Start of Dataset content

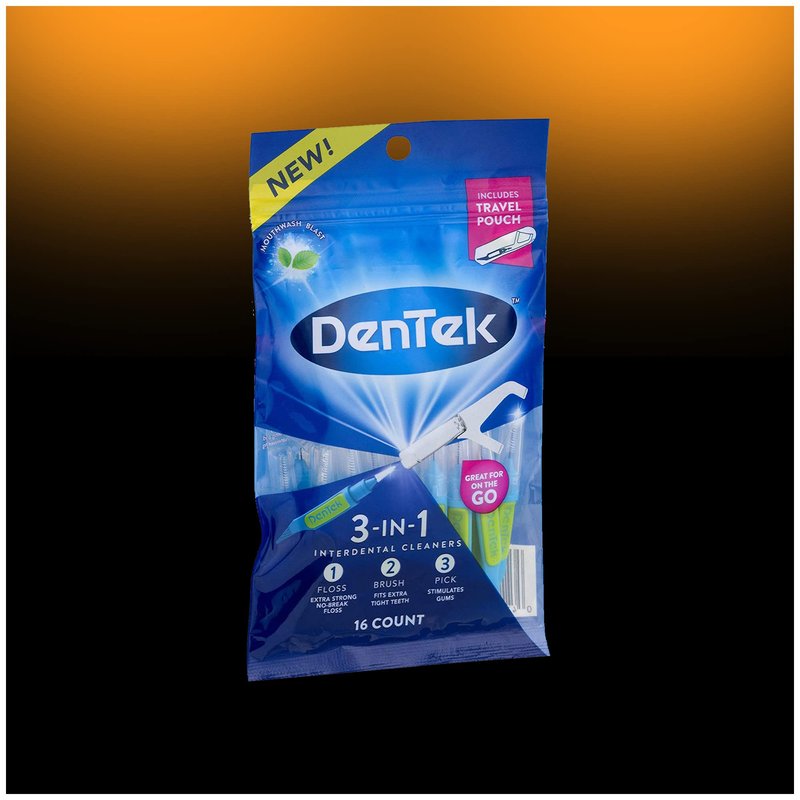 DenTek 3-In-1 Interdental Cleaners | Floss, Brush, Pick, Travel Pouch | 16 Count
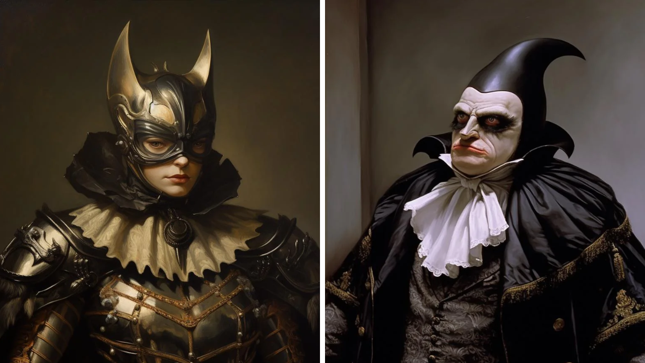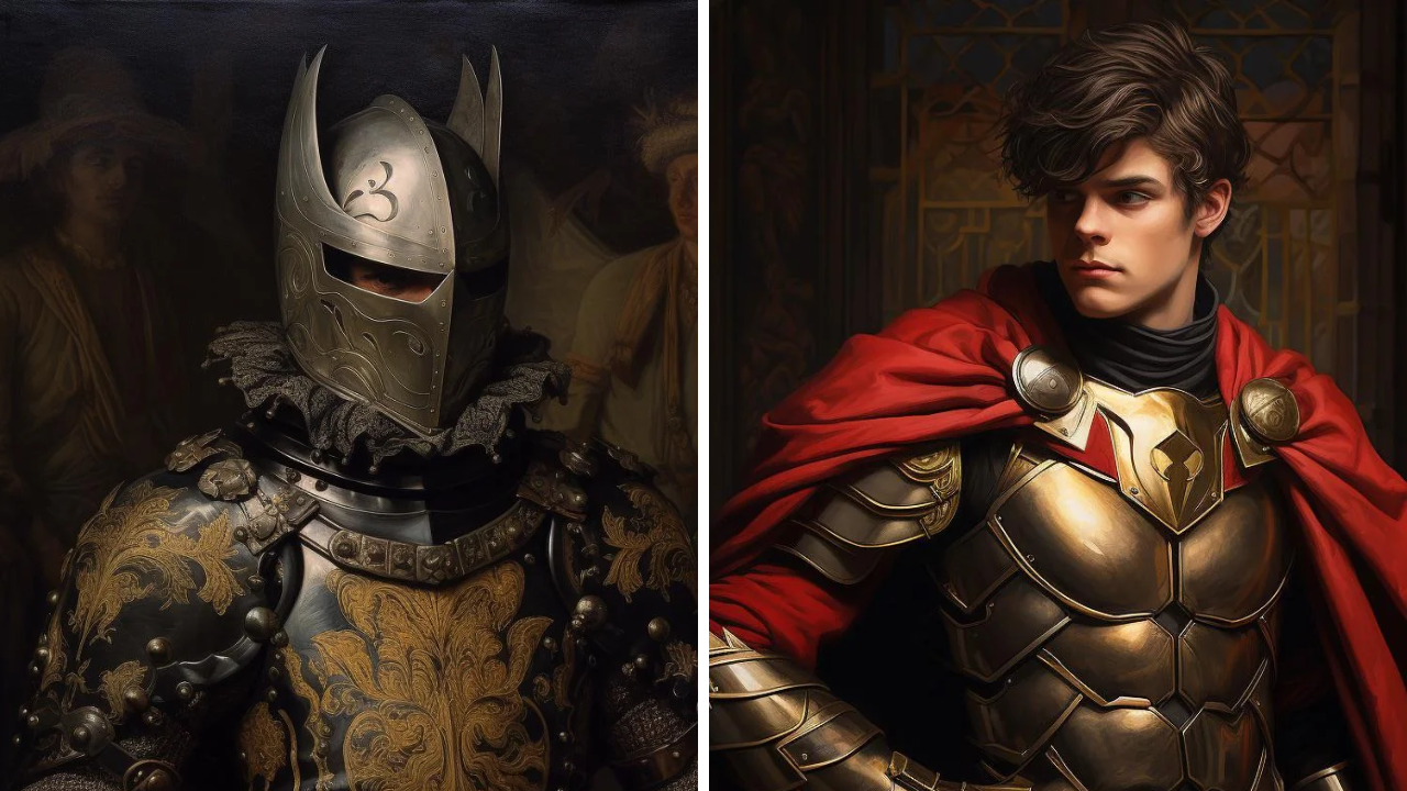 En la Tierra Media, Batman (Christian Bale) se erige como un caballero oscuro, envuelto en una imponente armadura negra, una figura implacable en el campo de batalla y un estratega astuto dentro de los círculos de la aristocracia. Junto a él, Robin (Chris O'Donnell) viste una armadura más ligera pero igualmente elegante, emulando a un escudero leal y ágil. Ambos combinan su linaje noble con su destreza como guerreros, como si fueran una versión alternativa de Aragorn (Viggo Mortensen) y Boromir (Sean Bean), con un profundo sentido del deber y el honor.
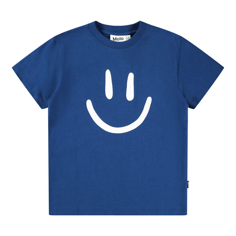Blár stuttermabolur frá Molo með broskalli að framan. 100% bómull.
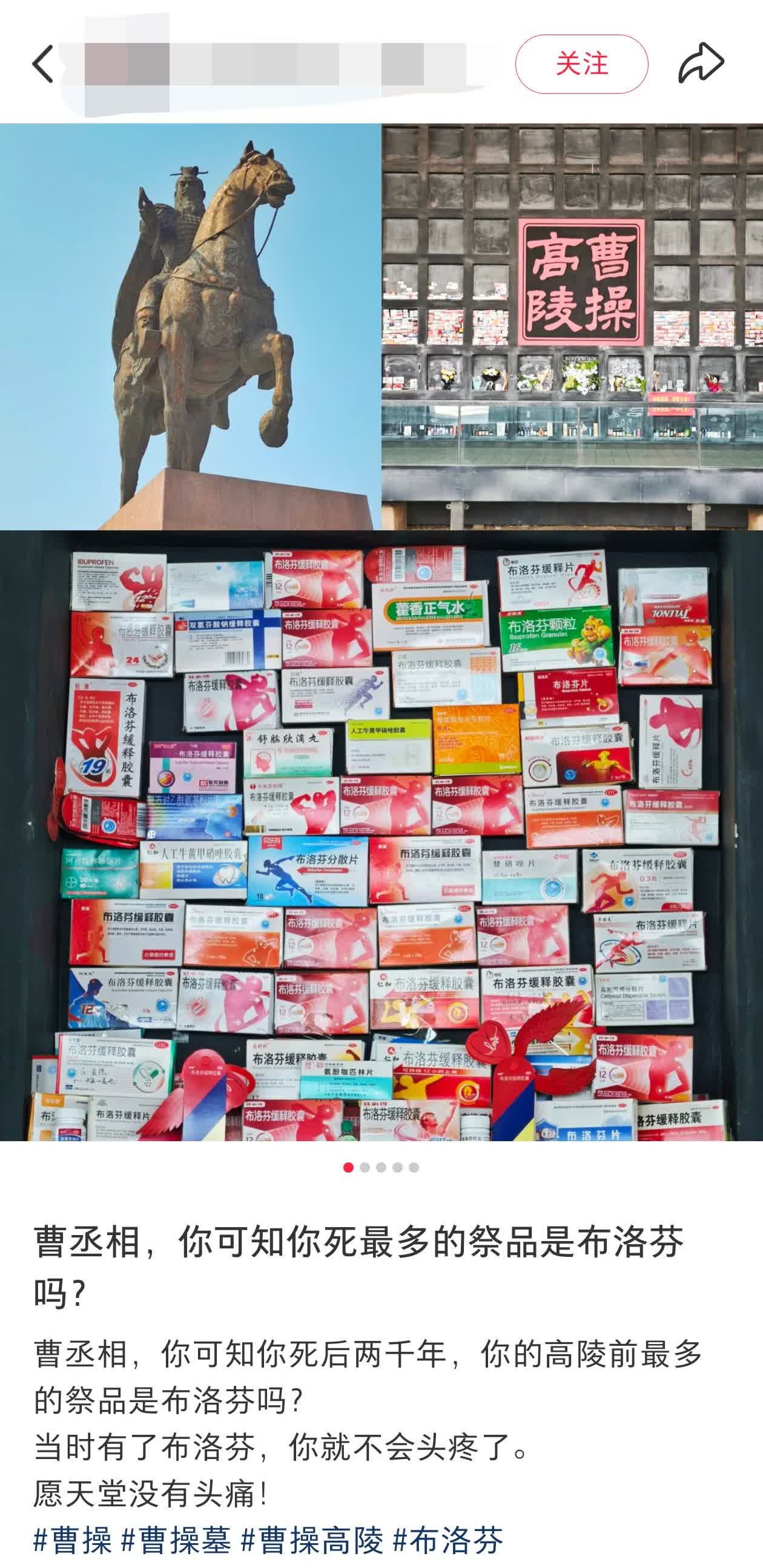 記者在社交平台看到,不少網友曬出的照片和視頻中,曹操墓前的供品櫃裏,布洛芬琳琅滿目,既有常見的片劑,也有緩釋膠囊,旁邊還散落着青梅酒、三國殺卡牌、「大魏錦旗」等物件。有網友配文感慨,「讀史時總為曹丞相的偏頭痛惋惜,如今送盒布洛芬,也算圓了一份跨越千年的牽掛」;評論區裏,更有網友玩起歷史梗,「因青梅煮酒論英雄送青梅酒,因一生征戰送三國殺,年輕人的浪漫,藏在對歷史的細節裏」。
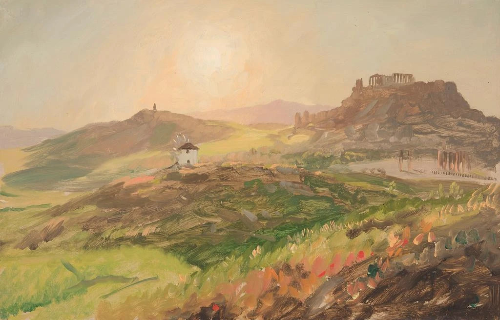 Frederic Edwin Church, an iconic figure of the Hudson River School movement, was able to capture the beauty of American landscapes and beyond. Active in the 19th century, he was influenced by travels in Europe and South America, incorporating elements of these cultures into his works. Church played a crucial role in the evolution of Romantic landscape art, blending realism and idealization. His ability to depict light and atmosphere made him a respected artist, whose impact on landscape art endures to this day. "Vue de l'Acropole d'Athènes" reflects his interest in historic sites and their portrayal within a sublime natural setting.
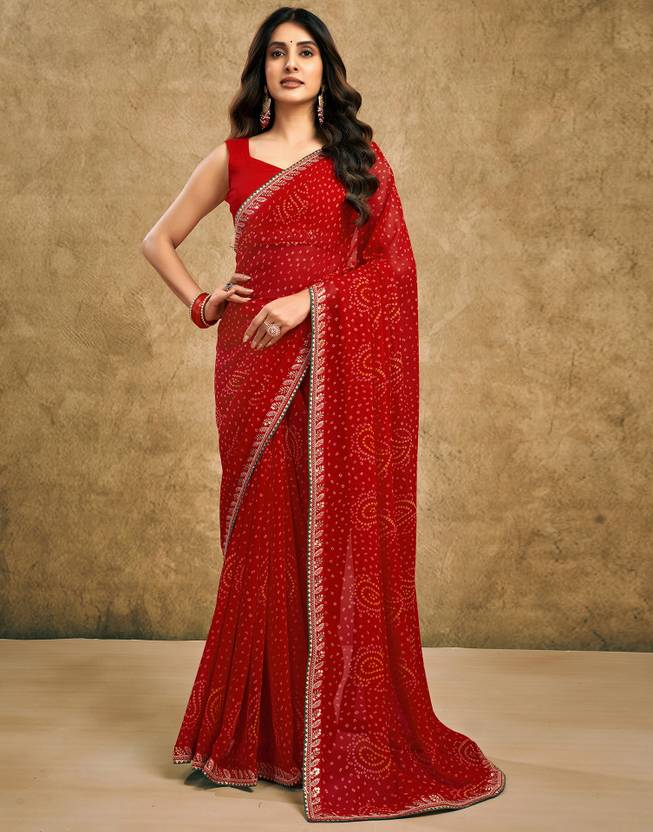 Georgette Bandhani Printed & Lace Red Color Saree With Blouse
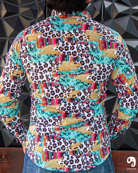CAMISA PARA CABALLERO CON ESTAMPADO, ÉSTE YA ES PARTE DE LA TELA, EN CORTE SLIM FIT.

End of Dataset content

What is being asked.
Set down again, exactly, every line above from the one with "En la Tierra" down to the one with "記者在社交平台看到,不少網友", both ends included. No pictures, and nothing else.

Your response.
 En la Tierra Media, Batman (Christian Bale) se erige como un caballero oscuro, envuelto en una imponente armadura negra, una figura implacable en el campo de batalla y un estratega astuto dentro de los círculos de la aristocracia. Junto a él, Robin (Chris O'Donnell) viste una armadura más ligera pero igualmente elegante, emulando a un escudero leal y ágil. Ambos combinan su linaje noble con su destreza como guerreros, como si fueran una versión alternativa de Aragorn (Viggo Mortensen) y Boromir (Sean Bean), con un profundo sentido del deber y el honor.
Blár stuttermabolur frá Molo með broskalli að framan. 100% bómull.
 記者在社交平台看到,不少網友曬出的照片和視頻中,曹操墓前的供品櫃裏,布洛芬琳琅滿目,既有常見的片劑,也有緩釋膠囊,旁邊還散落着青梅酒、三國殺卡牌、「大魏錦旗」等物件。有網友配文感慨,「讀史時總為曹丞相的偏頭痛惋惜,如今送盒布洛芬,也算圓了一份跨越千年的牽掛」;評論區裏,更有網友玩起歷史梗,「因青梅煮酒論英雄送青梅酒,因一生征戰送三國殺,年輕人的浪漫,藏在對歷史的細節裏」。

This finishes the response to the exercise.